I think that it is a comment on the ages of man I will now try to attach it to the post

Richardpaul

mike tilley
12th Dec 2005, 23:04
that'll be one of those modern invisible poems then :D

R0Y
12th Dec 2005, 23:16
It's a tantric poem................

richardpaul
12th Dec 2005, 23:22
My attempt to attach seems to have failed I will therefore type out the verses

LIFE CIRCLE

Born he was
Toothless face
Unlined by life
Often sleeping

Infant he was
Bright eyed
Learning
Loved

Boy he was
A little man
Cheeky
Mothers treasure

Youth he was
Full of his own importance
Aggressive
Misunderstood

Man he was
Big and strong
God's gift
Looking for a mate

Lover he was
Soul mate found
Settled down
Two together

Husband he was
A job for life
Willingly taken
He loved

Father he was
Proud
Providing
Fiercely protective

Grandfather he was
Older wiser
Still able
To kick a ball

Retired he was
No longer working
Time for themselves
Long loving days

Widowed he was
Left
By himself
To wait out his life

Placed he was
In a home for the old
Reason gone
Dribbling

Old he is
Toothless face
Lined by life
Always sleeping

maggie
13th Dec 2005, 19:46
:thumbsup: great poem, and so very true.
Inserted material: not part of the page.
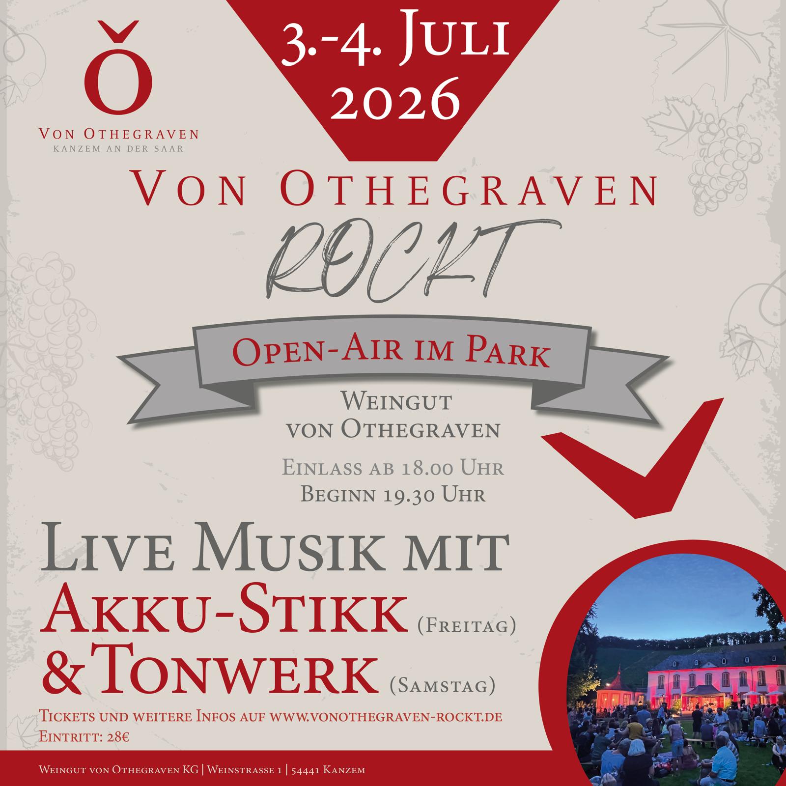 Tickets sind sowohl online als auch im Weingut Von Othegraven erhältlich. Sichere dir jetzt dein Ticket und erlebe einen unvergesslichen Abend voller Musik, Wein und Genuss!

We all revert back to being children in time, well done that man.

timbott
13th Dec 2005, 20:11
I like that (and poetry ain't my thing). I sometimes think as littl'uns we are wheeled about in our pushchairs and love it, and then at the other end of our Earthly visit we are pushed around on wheels too but wish to God it was the first time round:rolleyes: Not that I'm there yet, but one day I dare say I will be.

Nice one Richardpaul:)

cheers, Tim

bulkhead ali
13th Dec 2005, 20:18
what a wonderful poem,it sums up life in a gentle way, have you anymore?
I too wrote poetry a few years ago but through moving house on many occasions I have lost all my verse, Life seems to facinate yet frighten us all, thanks for summing it up in such a way.

cheers, Ali;)

Roger Whittle
14th Dec 2005, 00:50
I'm with Tim. Poetry really isn't my thing, but I do like words (yeah, yeah I know - 'doesn't he go on?') and those were very good words Richard. Well done.

Roger.

Pete H
14th Dec 2005, 01:07
My attempt to attach seems to have failed I will therefore type out the verses

LIFE CIRCLE

Born he was
Toothless face
Unlined by life
Often sleeping

Infant he was
Bright eyed
Learning
Loved

Boy he was
A little man
Cheeky
Mothers treasure

Youth he was
Full of his own importance
Aggressive
Misunderstood

Man he was
Big and strong
God's gift
Looking for a mate

Lover he was
Soul mate found
Settled down
Two together

Husband he was
A job for life
Willingly taken
He loved

Father he was
Proud
Providing
Fiercely protective

Grandfather he was
Older wiser
Still able
To kick a ball

Retired he was
No longer working
Time for themselves
Long loving days

Widowed he was
Left
By himself
To wait out his life

Placed he was
In a home for the old
Reason gone
Dribbling

Old he is
Toothless face
Lined by life
Always sleeping

I liked that,it makes you have summat,doesnt it..:)

shrek
14th Dec 2005, 01:40
Lovely poem. :)
I write and read a lot of poetry about life and find it helps me work it all out.